*PROBLEM*.
Print all of the records. Exclude the images.
*** SUPPLIED DATA ***
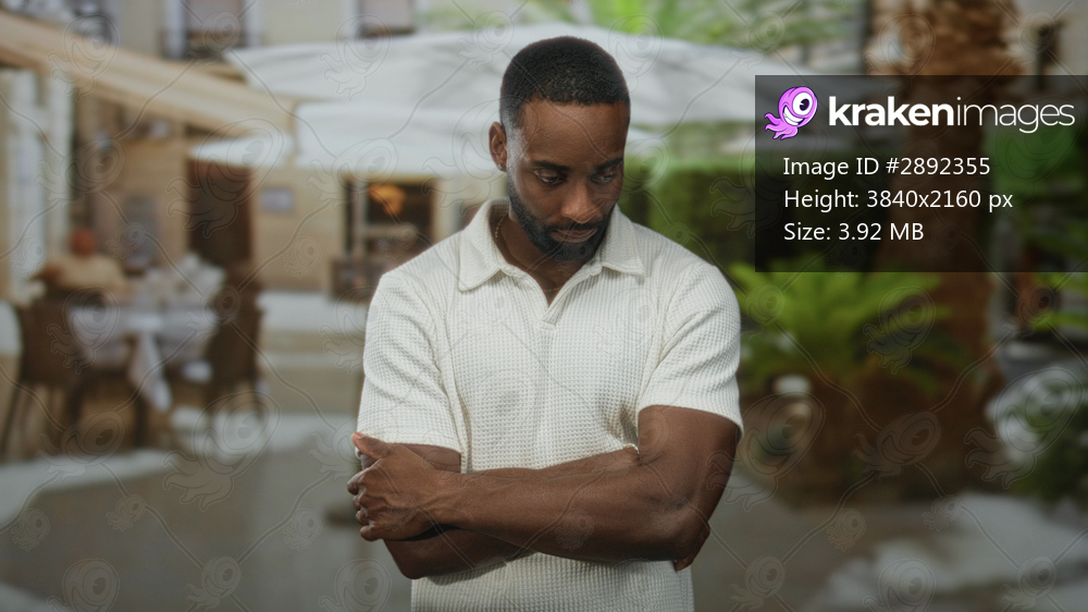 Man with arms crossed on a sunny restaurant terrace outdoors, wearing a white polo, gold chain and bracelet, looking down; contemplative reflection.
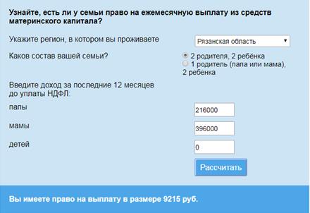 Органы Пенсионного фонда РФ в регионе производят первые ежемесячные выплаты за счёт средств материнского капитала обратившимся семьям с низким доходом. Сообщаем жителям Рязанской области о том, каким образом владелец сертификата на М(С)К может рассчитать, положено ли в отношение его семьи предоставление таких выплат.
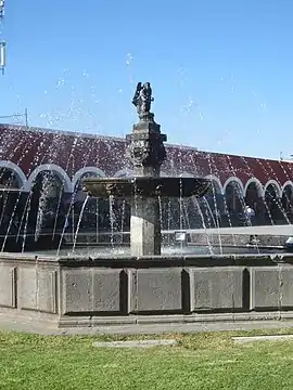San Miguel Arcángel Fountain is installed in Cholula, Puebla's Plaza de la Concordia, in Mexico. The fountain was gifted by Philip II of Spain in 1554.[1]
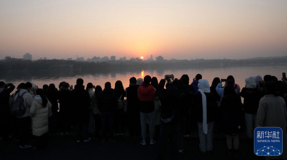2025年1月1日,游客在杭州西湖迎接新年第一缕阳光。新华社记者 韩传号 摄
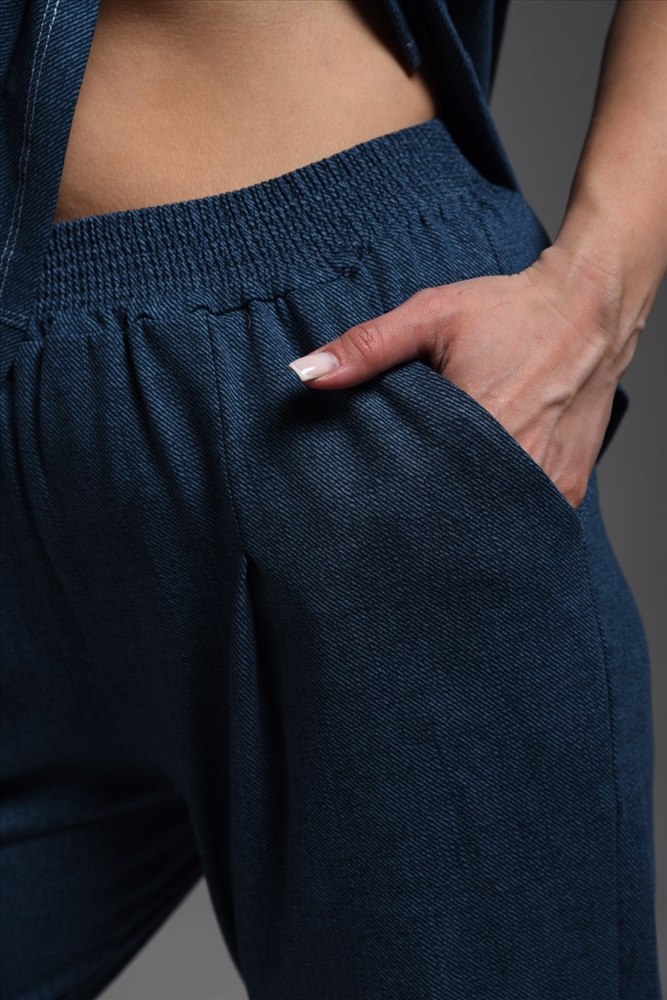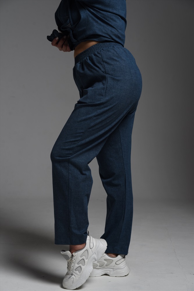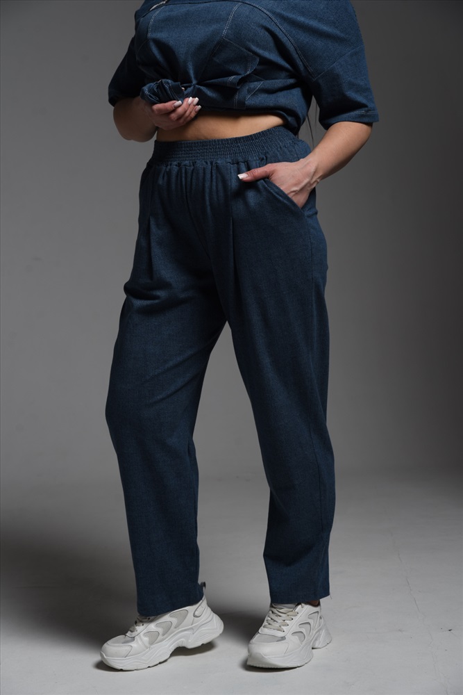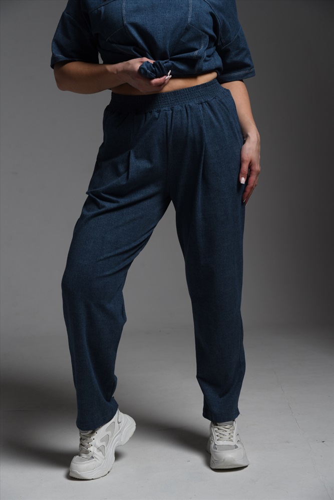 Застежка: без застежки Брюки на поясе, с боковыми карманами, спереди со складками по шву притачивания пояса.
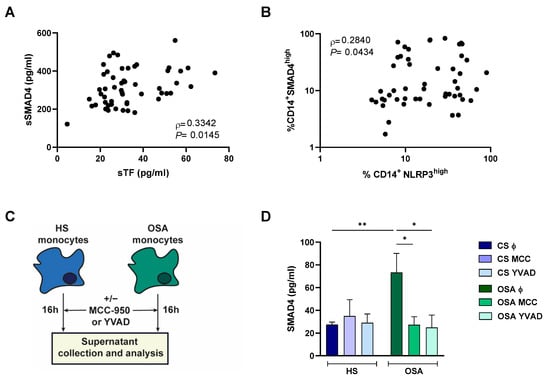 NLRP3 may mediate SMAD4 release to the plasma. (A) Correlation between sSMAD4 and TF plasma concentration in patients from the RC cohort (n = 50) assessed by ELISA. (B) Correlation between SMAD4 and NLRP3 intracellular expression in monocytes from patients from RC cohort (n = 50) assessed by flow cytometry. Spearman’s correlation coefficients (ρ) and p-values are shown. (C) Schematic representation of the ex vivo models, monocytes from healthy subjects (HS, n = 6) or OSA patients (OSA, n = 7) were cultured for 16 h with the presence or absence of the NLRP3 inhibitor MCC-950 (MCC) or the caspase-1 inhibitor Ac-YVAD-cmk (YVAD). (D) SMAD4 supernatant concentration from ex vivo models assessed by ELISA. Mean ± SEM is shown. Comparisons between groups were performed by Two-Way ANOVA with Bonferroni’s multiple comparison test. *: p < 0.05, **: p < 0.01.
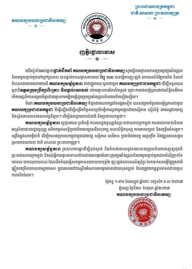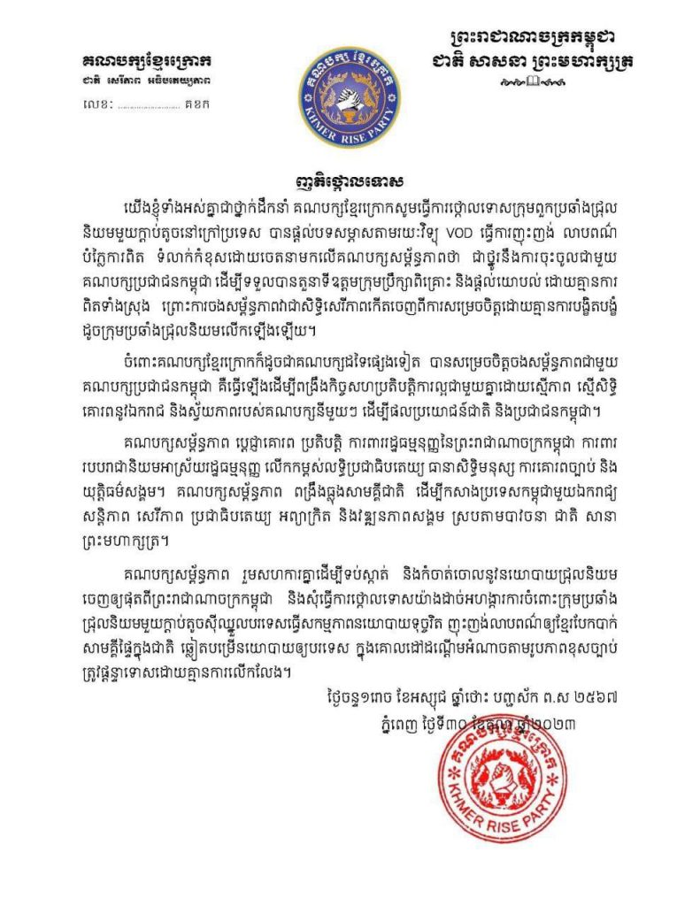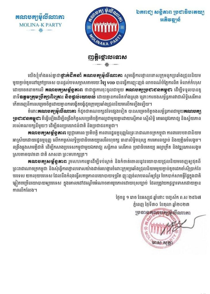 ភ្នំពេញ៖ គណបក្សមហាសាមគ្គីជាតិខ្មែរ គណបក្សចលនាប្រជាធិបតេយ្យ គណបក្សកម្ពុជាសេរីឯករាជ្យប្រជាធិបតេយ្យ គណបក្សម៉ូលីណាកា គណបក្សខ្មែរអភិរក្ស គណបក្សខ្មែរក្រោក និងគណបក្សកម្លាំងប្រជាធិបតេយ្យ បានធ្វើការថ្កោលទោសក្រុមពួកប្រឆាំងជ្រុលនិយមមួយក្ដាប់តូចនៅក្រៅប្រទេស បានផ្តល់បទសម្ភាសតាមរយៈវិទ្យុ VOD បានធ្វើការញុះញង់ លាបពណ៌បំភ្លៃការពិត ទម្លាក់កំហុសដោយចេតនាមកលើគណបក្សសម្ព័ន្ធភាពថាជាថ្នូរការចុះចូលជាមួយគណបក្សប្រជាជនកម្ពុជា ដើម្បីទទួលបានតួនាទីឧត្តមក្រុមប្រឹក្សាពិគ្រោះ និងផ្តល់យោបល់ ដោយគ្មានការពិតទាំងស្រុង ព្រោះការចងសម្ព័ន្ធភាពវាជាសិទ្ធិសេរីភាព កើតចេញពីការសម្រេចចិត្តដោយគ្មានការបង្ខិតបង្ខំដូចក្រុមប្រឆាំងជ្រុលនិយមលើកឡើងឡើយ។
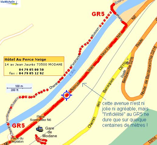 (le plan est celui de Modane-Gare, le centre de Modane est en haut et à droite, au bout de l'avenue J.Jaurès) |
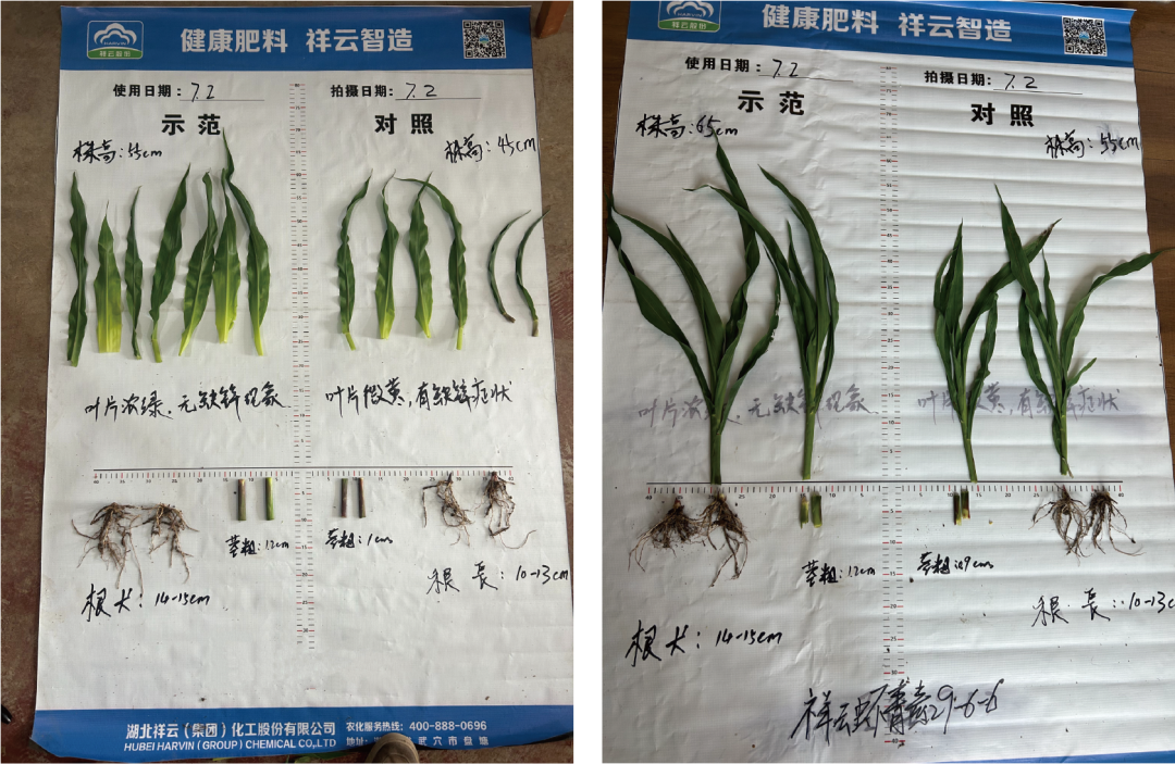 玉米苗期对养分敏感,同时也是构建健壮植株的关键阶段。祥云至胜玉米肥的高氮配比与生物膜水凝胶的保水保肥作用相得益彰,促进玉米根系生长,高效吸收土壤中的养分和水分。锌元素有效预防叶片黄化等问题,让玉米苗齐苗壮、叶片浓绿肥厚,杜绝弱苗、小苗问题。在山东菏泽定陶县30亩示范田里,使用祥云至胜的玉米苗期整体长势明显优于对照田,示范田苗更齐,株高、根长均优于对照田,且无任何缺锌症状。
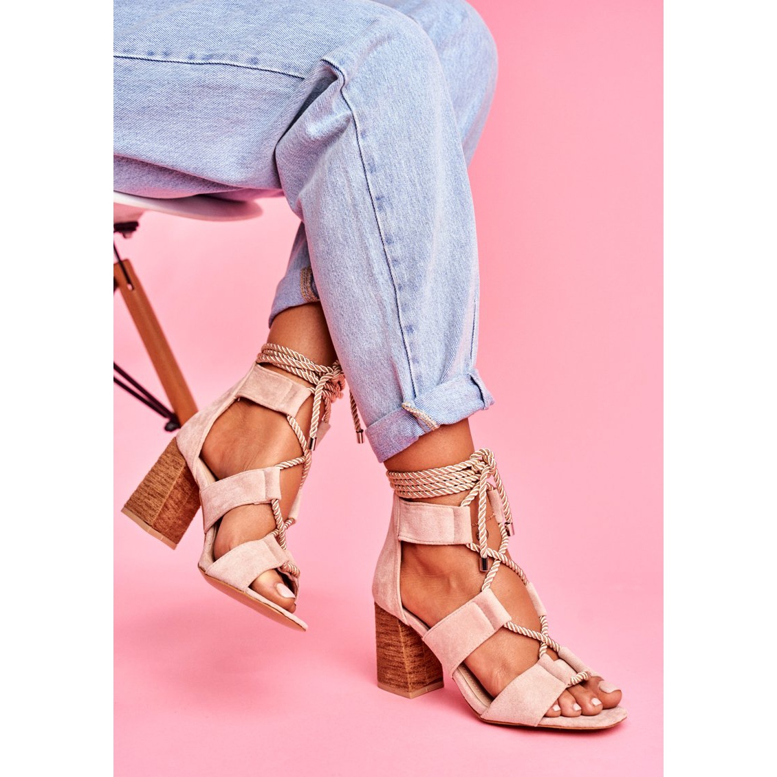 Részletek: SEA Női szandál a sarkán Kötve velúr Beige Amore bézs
***
*COMPLETED TASK*.
 Man with arms crossed on a sunny restaurant terrace outdoors, wearing a white polo, gold chain and bracelet, looking down; contemplative reflection.
 Органы Пенсионного фонда РФ в регионе производят первые ежемесячные выплаты за счёт средств материнского капитала обратившимся семьям с низким доходом. Сообщаем жителям Рязанской области о том, каким образом владелец сертификата на М(С)К может рассчитать, положено ли в отношение его семьи предоставление таких выплат.
San Miguel Arcángel Fountain is installed in Cholula, Puebla's Plaza de la Concordia, in Mexico. The fountain was gifted by Philip II of Spain in 1554.[1]
2025年1月1日,游客在杭州西湖迎接新年第一缕阳光。新华社记者 韩传号 摄
 Застежка: без застежки Брюки на поясе, с боковыми карманами, спереди со складками по шву притачивания пояса.
 NLRP3 may mediate SMAD4 release to the plasma. (A) Correlation between sSMAD4 and TF plasma concentration in patients from the RC cohort (n = 50) assessed by ELISA. (B) Correlation between SMAD4 and NLRP3 intracellular expression in monocytes from patients from RC cohort (n = 50) assessed by flow cytometry. Spearman’s correlation coefficients (ρ) and p-values are shown. (C) Schematic representation of the ex vivo models, monocytes from healthy subjects (HS, n = 6) or OSA patients (OSA, n = 7) were cultured for 16 h with the presence or absence of the NLRP3 inhibitor MCC-950 (MCC) or the caspase-1 inhibitor Ac-YVAD-cmk (YVAD). (D) SMAD4 supernatant concentration from ex vivo models assessed by ELISA. Mean ± SEM is shown. Comparisons between groups were performed by Two-Way ANOVA with Bonferroni’s multiple comparison test. *: p < 0.05, **: p < 0.01.
 ភ្នំពេញ៖ គណបក្សមហាសាមគ្គីជាតិខ្មែរ គណបក្សចលនាប្រជាធិបតេយ្យ គណបក្សកម្ពុជាសេរីឯករាជ្យប្រជាធិបតេយ្យ គណបក្សម៉ូលីណាកា គណបក្សខ្មែរអភិរក្ស គណបក្សខ្មែរក្រោក និងគណបក្សកម្លាំងប្រជាធិបតេយ្យ បានធ្វើការថ្កោលទោសក្រុមពួកប្រឆាំងជ្រុលនិយមមួយក្ដាប់តូចនៅក្រៅប្រទេស បានផ្តល់បទសម្ភាសតាមរយៈវិទ្យុ VOD បានធ្វើការញុះញង់ លាបពណ៌បំភ្លៃការពិត ទម្លាក់កំហុសដោយចេតនាមកលើគណបក្សសម្ព័ន្ធភាពថាជាថ្នូរការចុះចូលជាមួយគណបក្សប្រជាជនកម្ពុជា ដើម្បីទទួលបានតួនាទីឧត្តមក្រុមប្រឹក្សាពិគ្រោះ និងផ្តល់យោបល់ ដោយគ្មានការពិតទាំងស្រុង ព្រោះការចងសម្ព័ន្ធភាពវាជាសិទ្ធិសេរីភាព កើតចេញពីការសម្រេចចិត្តដោយគ្មានការបង្ខិតបង្ខំដូចក្រុមប្រឆាំងជ្រុលនិយមលើកឡើងឡើយ។
 (le plan est celui de Modane-Gare, le centre de Modane est en haut et à droite, au bout de l'avenue J.Jaurès) |
 玉米苗期对养分敏感,同时也是构建健壮植株的关键阶段。祥云至胜玉米肥的高氮配比与生物膜水凝胶的保水保肥作用相得益彰,促进玉米根系生长,高效吸收土壤中的养分和水分。锌元素有效预防叶片黄化等问题,让玉米苗齐苗壮、叶片浓绿肥厚,杜绝弱苗、小苗问题。在山东菏泽定陶县30亩示范田里,使用祥云至胜的玉米苗期整体长势明显优于对照田,示范田苗更齐,株高、根长均优于对照田,且无任何缺锌症状。
 Részletek: SEA Női szandál a sarkán Kötve velúr Beige Amore bézs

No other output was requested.